Weather agency unveils new plan, to offer 80 jobs

Mr Moses Tumusiime, a senior meteorologist at the Directorate of Water Resource Management (Left), explains how readings are taken off an Anemometer to the UNDP Resident Representative, Ms Rosa Malango, (Right) and Mr Wilson Kwamya, the Team Leader, Growth and Poverty Reduction, at UNDP in Uganda. FILE PHOTO  

KAMPALA- The Uganda National Meteorological Authority (UNMA) has unveiled a blueprint that includes lining up more than 80 job offers in a move aimed at revamping weather forecasting in the country.

According to the plan seen by this paper, the weather authority will need at least Shs1.36b to establish and maintain 325 rainfall stations, transmit resulting data and also pay salaries of observers.

[“There is] staffing gap in the approved staffing structure where only 74 instead of 156 field technical staff for the 45 major stations are provided for,” reads the plan in part.

Until 2014 when the then meteorological department turned into an authority, only three of the 12 weather stations were seen on the Telecommunication System (GTS) and only 40 per cent of 1,040 rain gauges across the country were functional. Telecommunication System are networks through which weather data is transmitted.

Also, only 10 per cent of the country had Automatic Weather Stations.
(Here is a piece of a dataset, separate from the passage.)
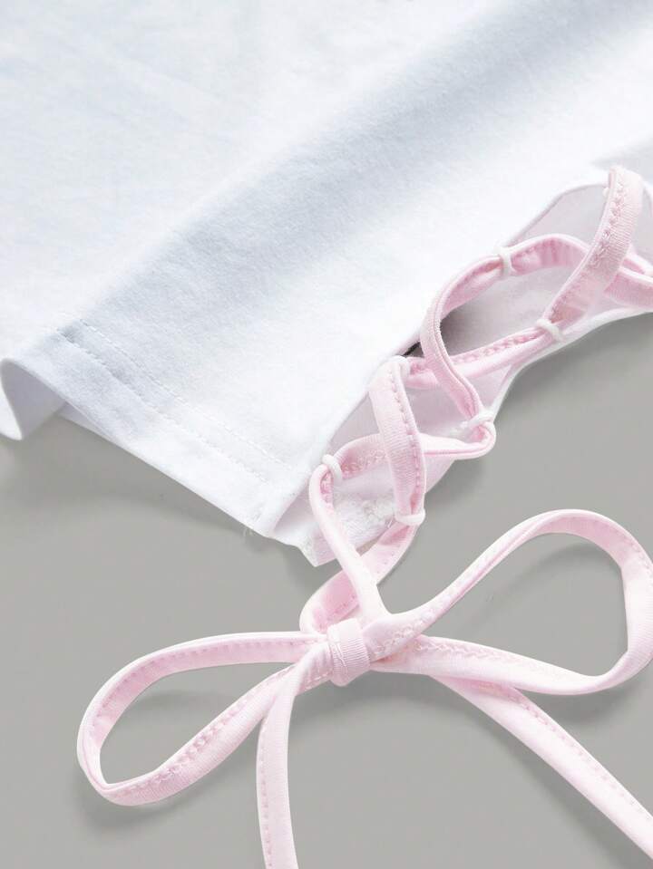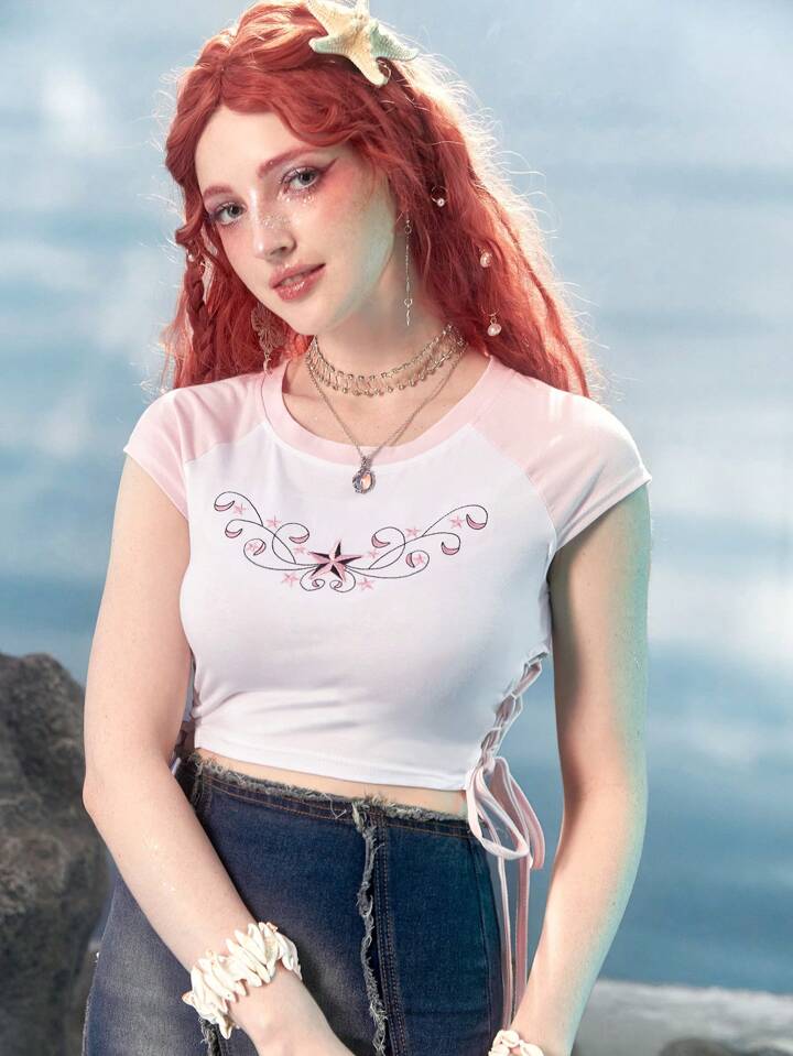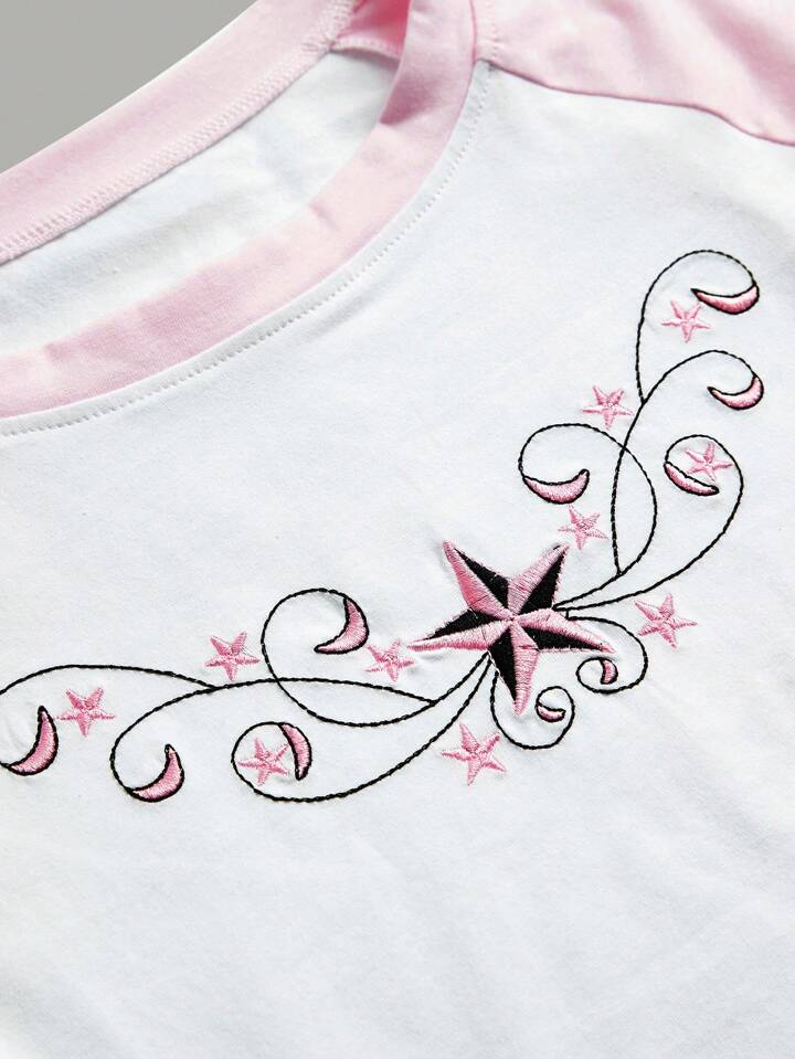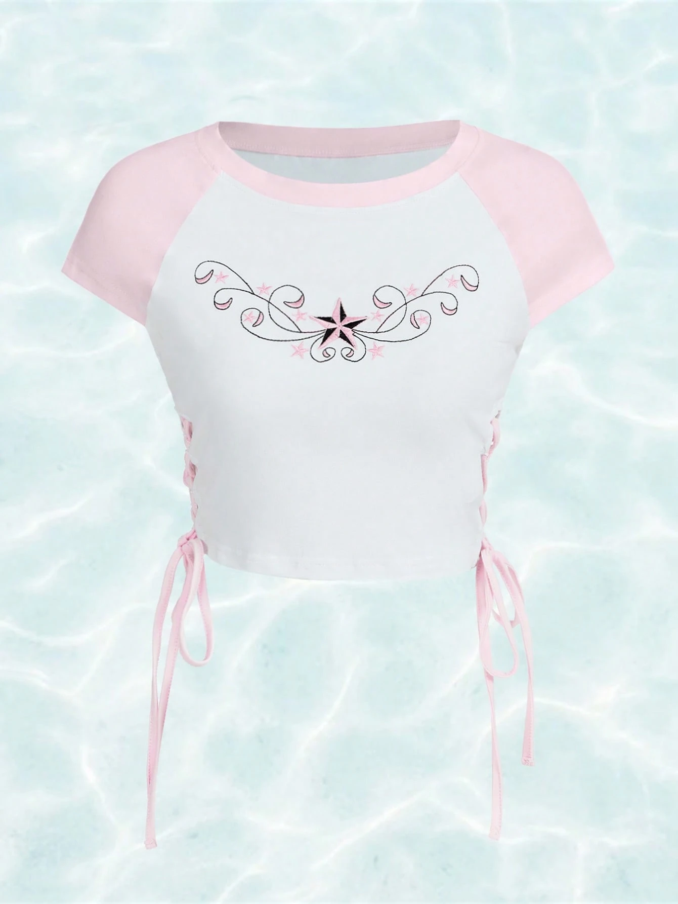 Fairycore Crop T-Shirt mit Stern Stickerei, seitlichem Band, Raglanärmeln,

This led to weather agency’s forecast to be disputed by the public.

Automatic Weather Stations (AWS)are computerised stations that read measurements as opposed to traditional ones where they were recorded and read by human beings.

The UNMA director-station networks and observations, Mr Paul Isabirye, said the situation is gradually improving and more support is needed.

“The coverage of AWS has improved from 10 per cent to 29 per cent against the National Development Plan (NDPII) target of 40 per cent by 2019/2020,” he said.

Since the collapse of the first East African Community, there was a progressive degeneration of the weather observation infrastructure under the defunct Department of Meteorology in the Ministry of Water and Environment.

But with the ongoing revamp, Mr Isabirye said a number of districts have provided land for UNMA meteorological installations, an indication that local governments are increasingly embracing the need for weather information.

In a recent tour of UNMA stations and a school in Entebbe, Wakiso District by Parliament’s committee on Natural Resources, UNMA executive director, Festus Luboyera, asked Ugandans to trust the weather information and use it for planning purposes.

“Right now, you cannot plan without weather information. We give you this information such that you plan for this country,” he said.

His comments followed remarks made by Kabale Municipality MP Andrew Baryayanga that Ugandans are still skeptical of Unma’s forecast accuracy.